# torpedo barbs and ca cichlids



## rotccapt (May 31, 2011)

hello i was doing research on possible dither fish for my 300 build. i was reading around and some one suggested torpedo barbs. so i looked them up and they look awesome but a little pricy. before i buy some for my tank, i would like to know, has any one kept this fish with CA cichlids such as GT, Jack dempsy, oscar, salvani.

currently i have a group of 5 giant danios but would love to get a group of 5 to 10 torpedo barbs to fill in the tank.


----------



## bluejack23 (Jan 23, 2012)

I kept 2 (gifts) in with sevs dempsey firemouth and other barbs. One died right away probably from transporting and the solo one lived for six months then died. Im guessing they died because I kept them solo.


----------



## CinBos (Feb 24, 2012)

I'm in the same boat as you. Bout to head to the store after work and replaced my Danios with them. Best looking barbs/danios/tetra that I have found. Definitly need a little more color in my tank. I will be buying 3 today and then 2 more in a couple more days. Just hate to see an $11 fish get torchured by the rest of the fish.


----------



## Steffano2 (Jan 11, 2007)

rotccapt said:


> hello i was doing research on possible dither fish for my 300 build. i was reading around and some one suggested torpedo barbs. so i looked them up and they look awesome but a little pricy. before i buy some for my tank, i would like to know, has any one kept this fish with CA cichlids such as GT, Jack dempsy, oscar, salvani.
> 
> currently i have a group of 5 giant danios but would love to get a group of 5 to 10 torpedo barbs to fill in the tank.


In my experience soon or later the barbs get eaten/picked off in time by the cichlids. I've tried many times with barbs and get the same results. I would hate for you to spend all that money on Denison's Barbs which are pricey for the same end result, unless you go with Tinfoil Barbs which are fast, extremely hardy, and grow large enough not to be swallowed whole. On a side not you are combining South and Central American cichlids in your stock list. Good luck on your dither choice, you may want to look at Gouramis they are pretty tough and are willing to fight back if need be.


----------



## CinBos (Feb 24, 2012)

Never heard baout Gouramis being a dither fish.
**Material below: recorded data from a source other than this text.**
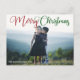 Glad jul Elegant Röd Grön Skript Foto Vykort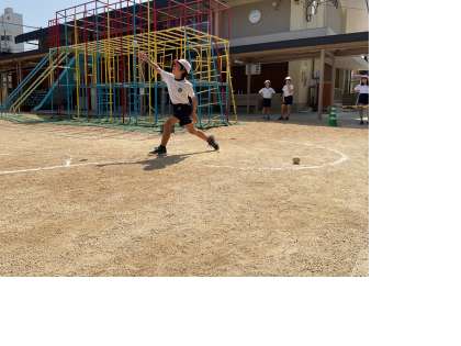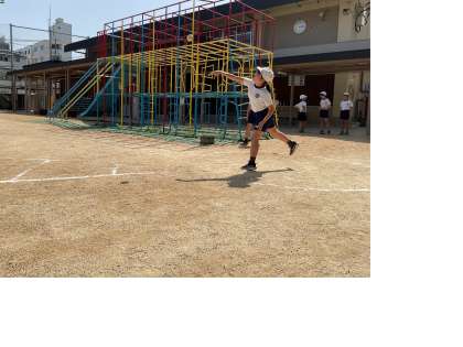新体力テストでソフトボール投げをしました。助走をつけて、力いっぱい投げました。記録がのびて、喜んでいました。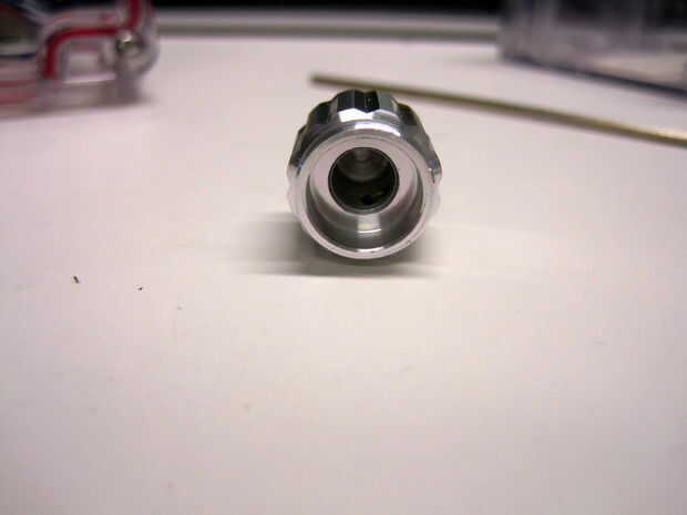- Puede que necesite recortar la longitud del eje del potenciómetro para que todo se ajuste bien. Usé una dremel con un disco abrasivo para esto. Un hack vio funciona bien, también. Tendrás más éxito con la sierra para metales si tiene un tornillo de banco para sujetar la parte todavía.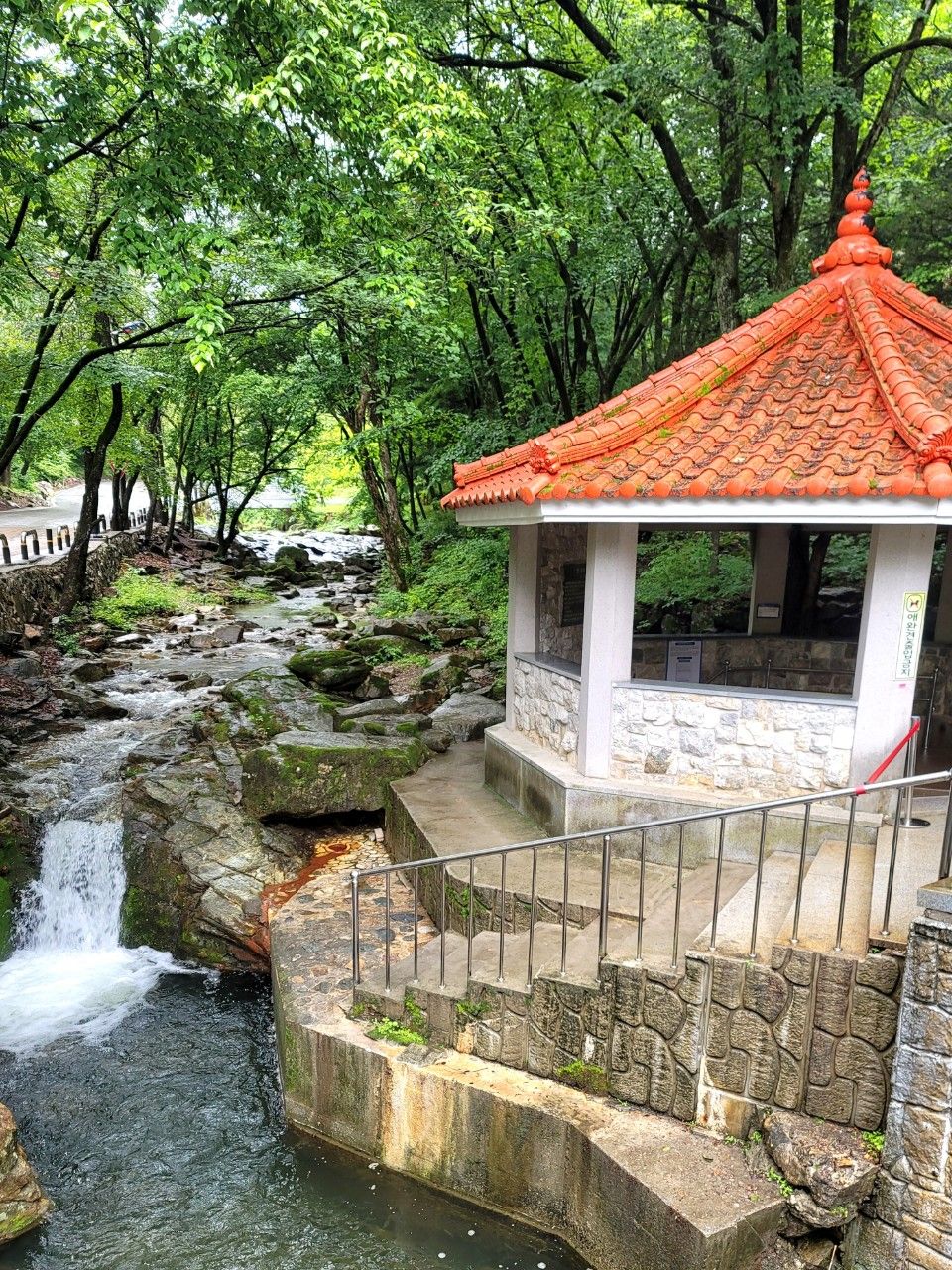 계곡과 화암약수 사이에 보이는 갈색 물길이 뭔가 화암약수의 맛을 먹어보기도 전에 느낄 수 있게 해 주네요~뭔가 철을 먹는 듯한 싸한 그런 맛?? 이랄까요?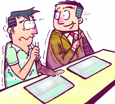 近日有报道称,在上班族中流行起一种跟吃饭有关的病症——午饭恐惧症,说的是有些白领一到午饭时间就产生恐惧,有的是担心在食堂遇到领导一起吃午饭没话说很拘谨,有的则是因为找不到一起吃饭的同事被孤立,还有的是因为跟同事吃饭找不到话题彼此尴尬。记者为此采访了若干资深上班族,整理出午饭最佳话题晋级表,为你化解午饭恐惧症。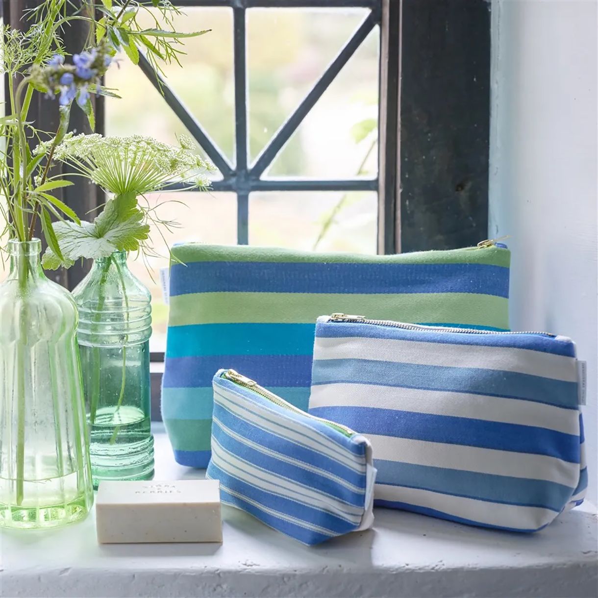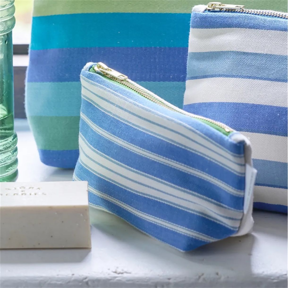 Добавете доза стил към Вашето пътуване с луксозния несесер Burlington Stripe от Designers Guild. Този практичен и същевременно елегантен аксесоар е изработен от здрав памучен плат с модерен десен на широки райета в наситено кобалтово синьо или розово. Вътрешната част е завършена с практична водоустойчива подплата и вътрешен джоб, осигуряващи перфектна организация за Вашата козметика. Здравият метален цип и качествената изработка гарантират дълготрайна употреба. Burlington Stripe е идеалният спътник за всеки, който цени съчетанието между функционалност и изтънчен дизайнерски стил.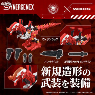Beneath its predatory mechanical look, the Xeno Rex Production Model-02 represents the pinnacle of an unprecedented collaboration: an “experimental” Zoid infused with design cues and technologies inspired by Evangelion units. This model plays the role of a powerful prototype, imagined to replicate the EVAs’ strength and responsiveness while preserving the distinctive bestial machinery of Zoids.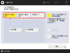 4 中选择的每种纸张类型进行校准。选择 [简单] 时,校准将应用于所有纸张类型,并且校准准确性会降低,但校准所需的时间会缩短。配置该设置需要管理员权限或设备管理员权限。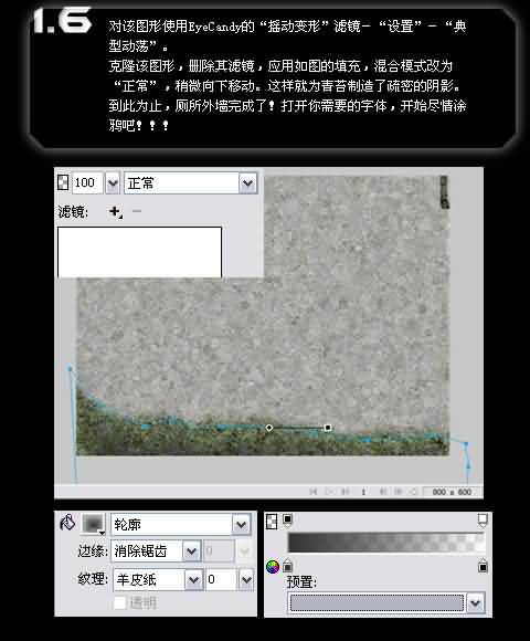1.6 對該圖形使用EyeCandy的“搖動變形”濾鏡-“設置”-“典型動蕩”。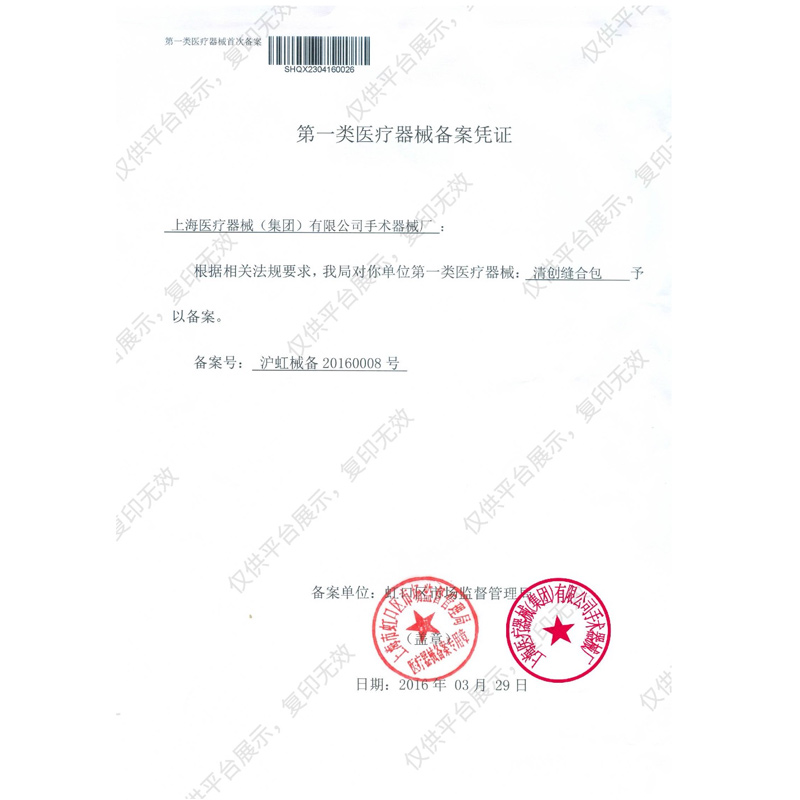 - 產(chǎn)品結(jié)構(gòu)及組成:由手術(shù)刀柄(1件)、手術(shù)剪(2件)、止血鉗(2件)、持針鉗(1件)、組織鑷(1件)、醫(yī)用鑷(1件),共6個品種,8件組件組成。器械包內(nèi)組件均為第一類醫(yī)療器械,且已備案。器械包可重復(fù)使用,器械包非無菌提供。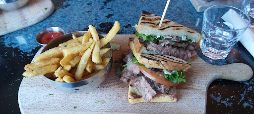 Read moreWe were a group of four. Ordered the steak sandwich, chicken wings and falafel wrap... all with fries. Let me start by saying all of us agreed this was the best fries ever... really! The falafel wrap was very good... it is very chilli though, for us at least. As far as the steak sandwich, the presentation was great... one of is liked it ok. For me, the meat was cold for what's supposed to be a hot sandwich. That was a big turn off for me as I expect steak to be hot and only like it that way. The server was kind enough to bring a new one and she brought it with another side of fries (so that fries was a very well received bonus). The steak was warm (still not hot though) so it was ok for me... I thought it was medium rare (they never asked how I like it cooked as I would've preferred medium well). Finally, they charged a dollar more for the steak sandwich than what's advertised in the menu. I only realized after we left so didn't inquire. Although the steak sandwich was a disappointment for me, I felt they were very nice trying to fix it and made 30% tip as a thank you and for the extra side of fries. I will definitely come back for the fries... as far as what to order with it, I'll probably ask for the falafel without the chilli, maybe chicken wings or try something else... definitely not the steak sandwich. And I can't think of an explanation as to why I was charged extra for it... although...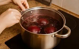 Čajník dáme na sporák a necháme zovrieť a keď voda vrie, povaríme asi 5 – 7 minút.

Are they a shaoling/schooling fish? I would be glad to buy a few of those, just not sure how they would hold up. As for tinfoil barbs, dont they get pretty large?


----------



## Steffano2 (Jan 11, 2007)

CinBos said:


> Never heard baout Gouramis being a dither fish. Are they a shaoling/schooling fish? I would be glad to buy a few of those, just not sure how they would hold up. As for tinfoil barbs, dont they get pretty large?


Gouramis aren't the norm, but they like to occupy the upper regions of the tank. As for schooling not so much but a group of 5-6 with 1 or 2 males and the rest females works out good, add to many males and you'll have WWIII on your hands. If you stick to the 3 spot family they have enough bark in their bite to hold their own. Google 3-Spot Gouramis and then look at all their color morphs: Gold, Platinum, Lavender, and Opaline, all the same species. I personally like Opaline and Gold.

On a side note I also use Rainbowfish too. Currently in my South and Central american set up I have 2 male New Guinea Red Rainbows and a Pair of Pearl Gouramis, both are getting along swimmingly and accomplish what they are there for, sometimes getting chased by the cichlids, mostly they are left alone just adding another great colorful addition to my tank.


----------